Many hands helped shape the manuscript at various stages of its evolution, including Carl Brandt, Patrick C. Murray, William C. Long, Andy Armstrong, Joel Foulon, Paul Henze, and especially Peter Wolverton and John Parsley at Thomas Dunne Books/St. Martin’s Press, and the book’s very fine copy editor, India Cooper.
PART I
CHAPTER ONE
NOVEMBER 1, 1978
“Sully, have I got a surprise for you.”
“I love surprises,” said Frank.
Frank Sullivan remembered the first time he’d shaken hands with Dan Nitzke. Clammy. That slick, sticky grip had worked its way into his memory: the touch, the feel of the way the agency had manipulated his life over the past dozen years. He corrected himself. The way I let the agency manipulate my life. He glanced at the hands now twisting the steering wheel of the car Dan drove. I know how that wheel feels, he thought.
Frank had expected to spend a few relaxed days in Washington, finding an apartment, settling into the job that was waiting for him, and getting a new driver’s license. Then he’d fly back to New York, pick up his son, and head off for a weekend at the apartment he lived in now, across the river in Weehawken. As promised, Dan Nitzke had met him at the Eastern shuttle baggage chute.
“Got much luggage?”
“Sort of. Two suitcases, a garment bag. I like to travel light, but I figured I’m going to be living here.”
“Yeah,” said Dan, looking away at the first of the suitcases tumbling out of the chute and onto the conveyor belt. “You’ll be living here.” His clear blue eyes peered out over his black-rimmed glasses as he glanced back at Frank. “Once this other thing’s over.”
Frank said nothing. He studied the honest blue eyes that watched him over the thick plastic rims. He remembered the days—and the long nights—when those eyes had been red-rimmed and rheumy and a meeting with Dan meant keeping a bottle of J. W. Dant bourbon shuttling between them across the Nitzkes’ dining room table. Since then, Dan had found his way back to sobriety. The eyes were clear now, but the rosacea that pocked his nose and cheeks remained.

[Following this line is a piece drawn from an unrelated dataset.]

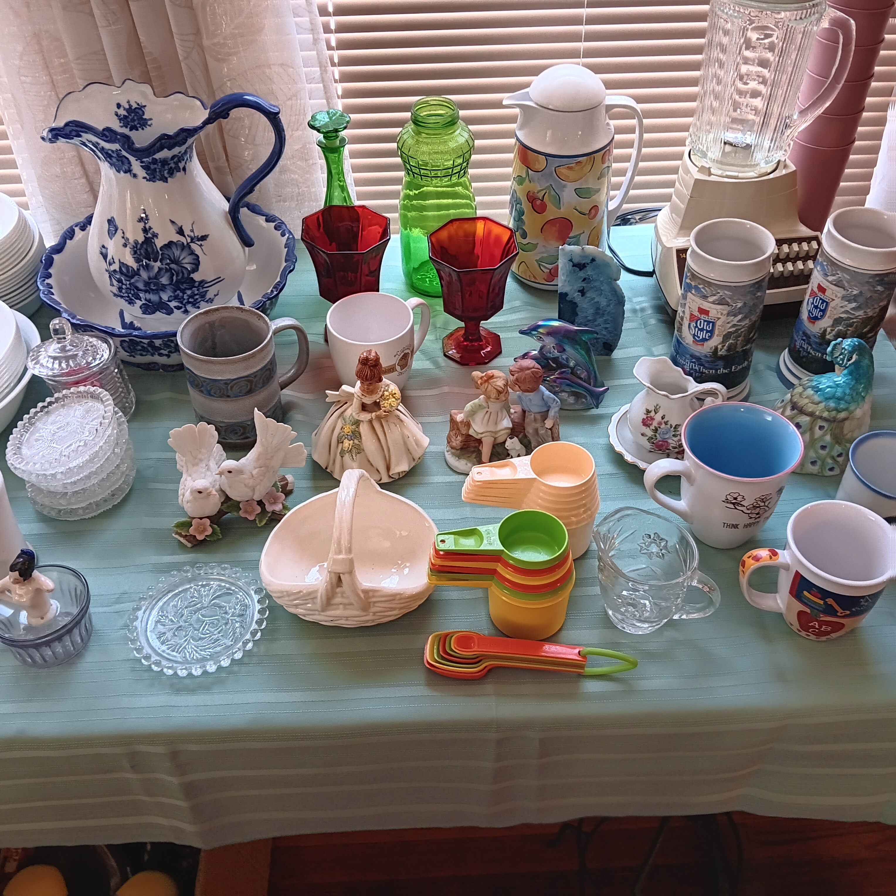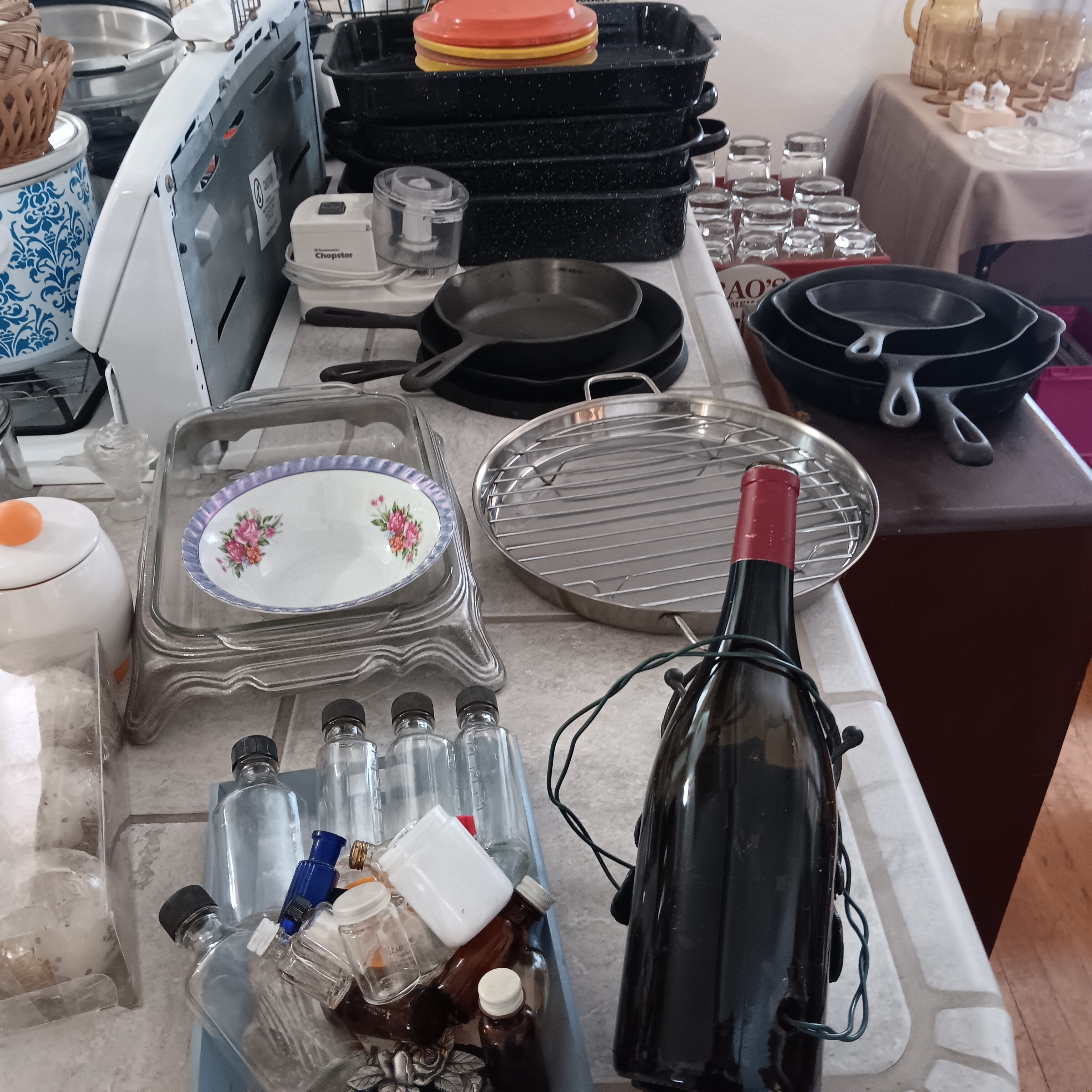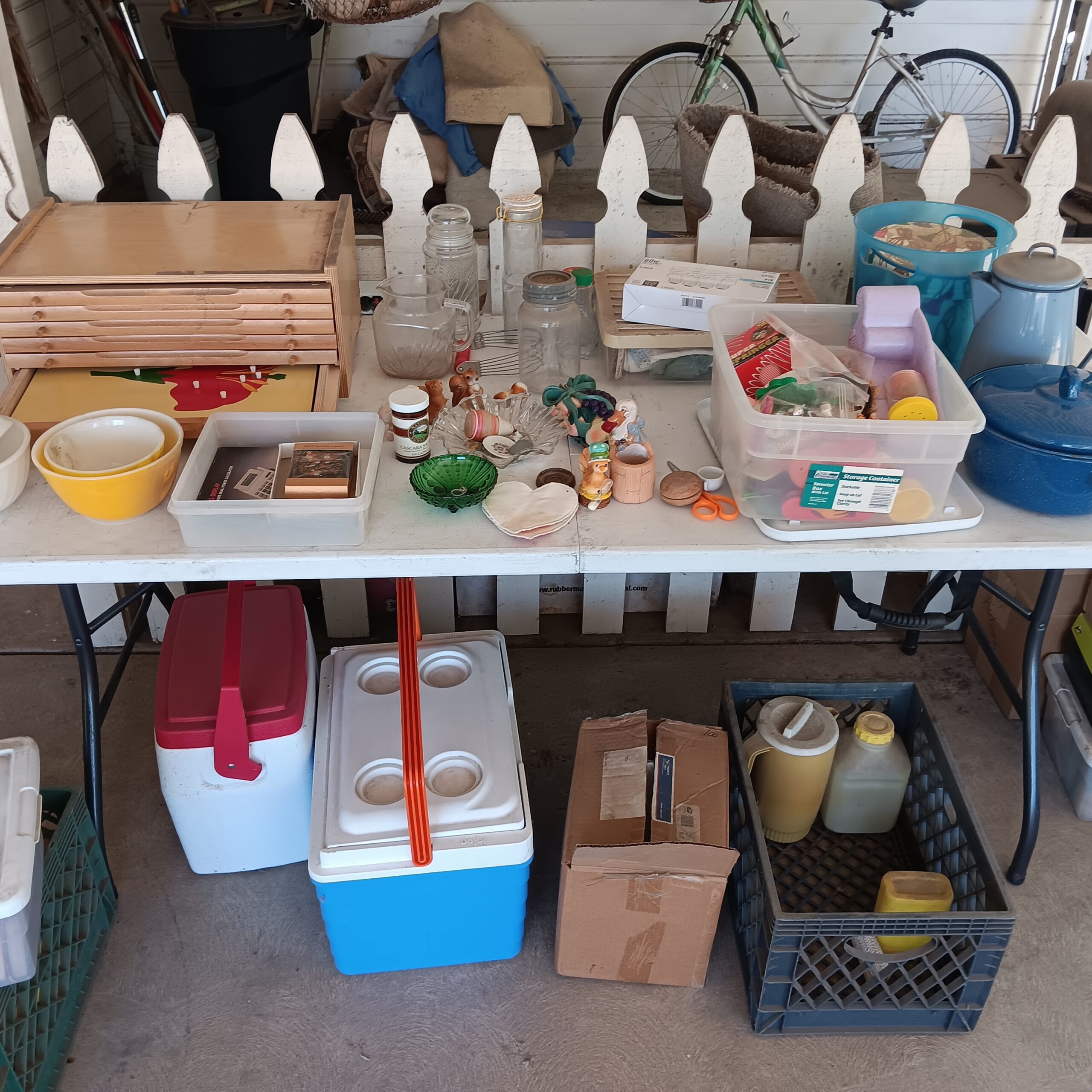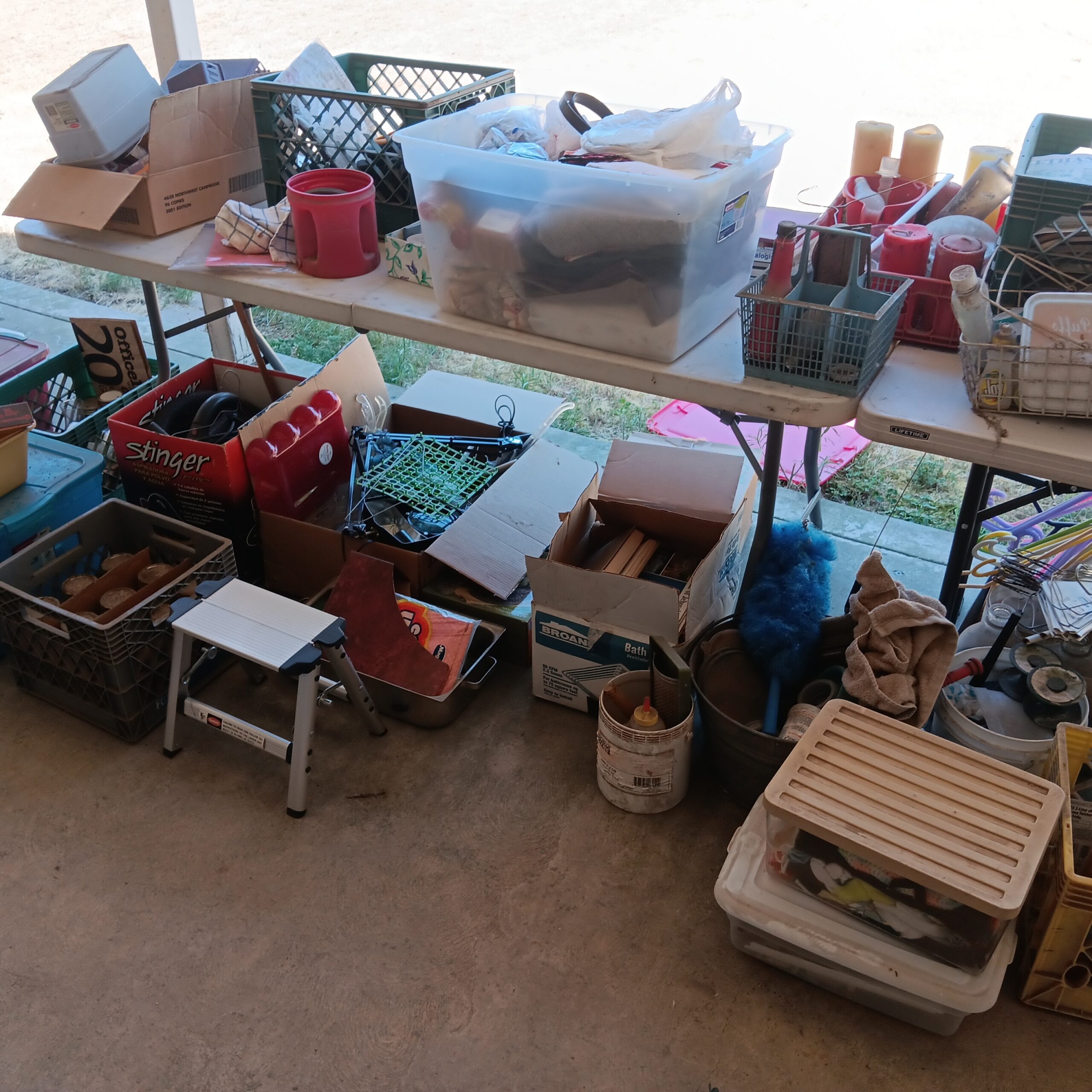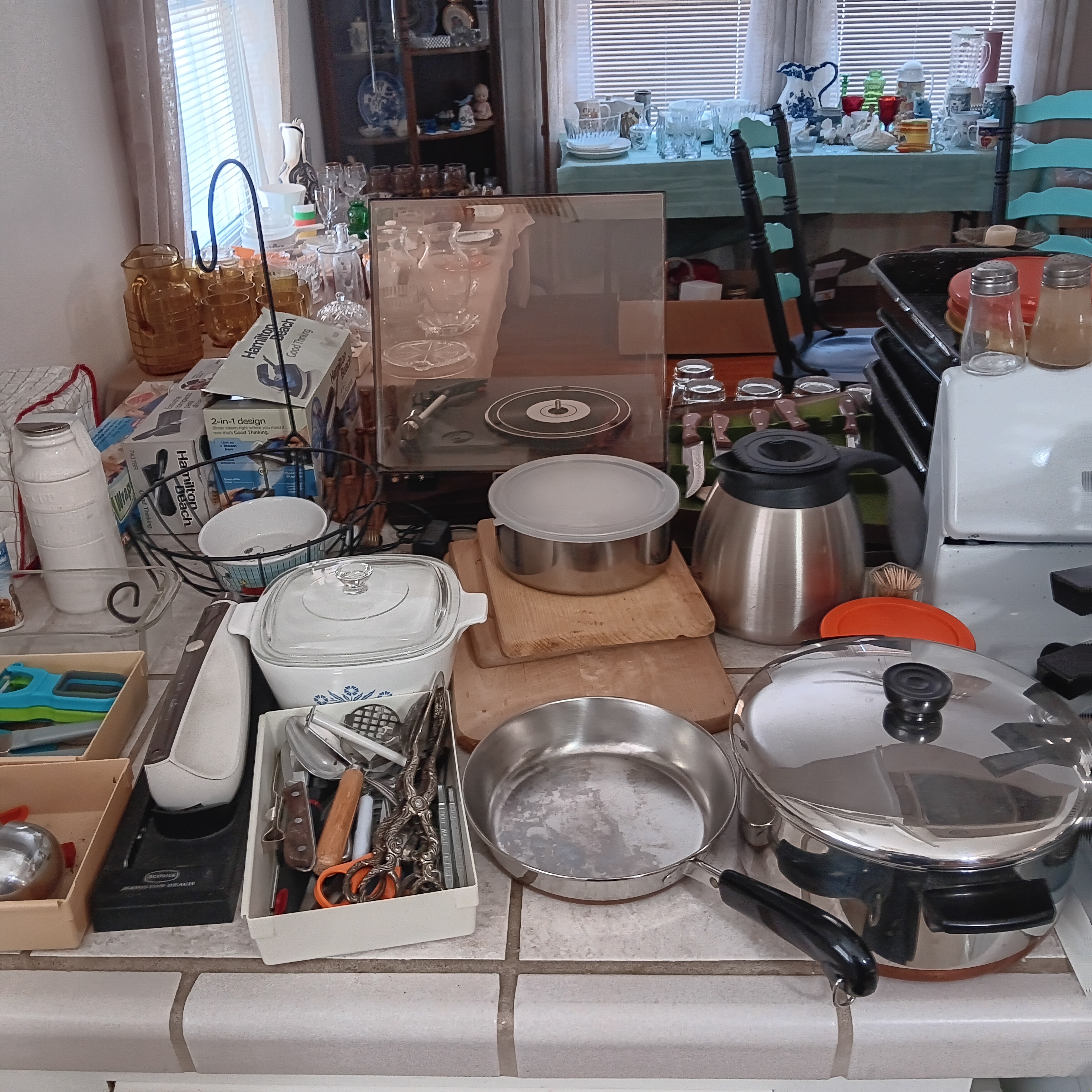 Tools, records, record players, plumbing, vintage lamps, furniture, household décor, vintage Tupperware, Pyrex, record cabinet, hand crank singer, men’s clothing, Honda mower, edger, vintage bicycles, an abundance of craft supplies, office supplies, quilts, Kirby vacuum, canning jars galore, washer/dryer ( electric), Revere pots and pans, cast iron, air compressor, like new bed we only just moved outside.
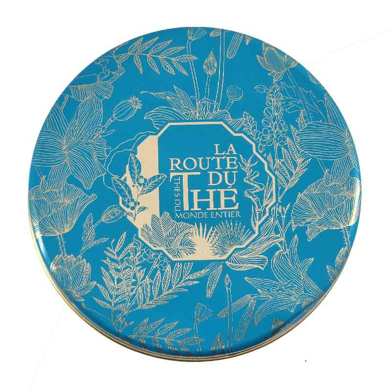 Boite vide en métal hermétique, bleue aux motifs la Route du Thé. Pratique pour une parfaite conservation des feuilles de thé.

Frank watched him as they picked their way through the tiny, packed parking lot at National Airport. Dan looked away again. “I’ll lay it out for you in the car. Boy, are you gonna be surprised. We got a lot to do today.”
Today, thought Frank. November 1, 1978. I better remember the date. This is going to be one of those days my life changed. Again.
* * *
They sped through the Virginia suburbs. Dan talked nonstop, obliquely, with the radio turned high to country music and used car commercials. “We could’ve got you a license right there in Arlington, but it’s always mobbed, so I figured I’d run you down to Fairfield ’cause it’s still pretty much country down there and there’s never any wait, you’ll be in and out in an hour, and then I have to get you to the Triple A to get an international license and then, guess what, over to the Pentagon.”
“The Pentagon?”
“Well, it’s Pentagon because all the host-country people you’ll be working with are military, but before that we have to get you to a barbershop. Hair’s got to be shorter and that beard has to come off because—I mean, it might be different if it’s the navy, maybe you could at least keep the mustache, but Gus Simpson was in the marines, but the closest military counterpart is a navy commander so we decided Gus gets to be navy, you know Gus, so…”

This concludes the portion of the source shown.